Four individual cases of professionally unattended birth are used to explore the larger ‘case’ of homebirth service provision in Ireland. The women in these cases were unable to access midwife-attended homebirth. They depended on emergency services for hospital transfer. They hid their intention to birth unattended in order to avoid criticism of themselves or their lay attendants. Current Irish Health Service Executive (HSE) homebirth provision does not adequately address demand for homebirth in Ireland. Some women, including those considered too high-risk for homebirth, will choose to birth alone if midwifery attendance is unavailable.

In Ireland, some women who are unable to access a midwife-attended homebirth are choosing to give birth at home without assistance. This paper describes the experience of four such women, whose stories reveal the context and larger case of the Irish homebirth service.
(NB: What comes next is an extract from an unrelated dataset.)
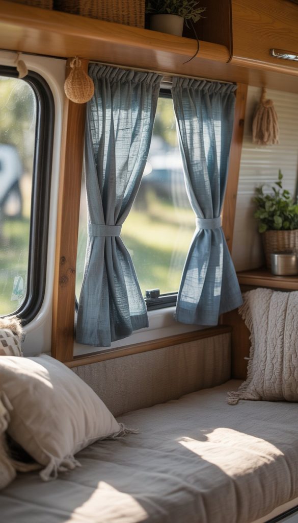 Choose chambray curtains with a slight fade or worn edges. This adds character and matches the vintage feel you want in your camper. Pair them with simple tiebacks to keep things neat but easy to open and close.

Background literature on unassisted or ‘freebirth’ is followed by an outline of current Irish homebirth services, illustrating the context of the women's decisions.

Deliberately unassisted birth, where the option of birth attended by a trained professional is freely available, has been called ‘freebirth’ (Shanley, 2012). Freebirth must be acknowledged as a ‘choice’ only in resource-rich contexts where access to hospitals and trained birth attendants is largely unproblematic (Lundgren, 2010).

In countries such as Ireland, the UK, New Zealand and the Netherlands, midwife-attended birth is the norm and, to varying degrees, homebirth is accommodated. Freebirth, however, is seen as an active rejection of cultural birth norms and is described as an explicit critique of the dominant maternity services (Miller, 2012; Worman-Ross and Mix, 2013).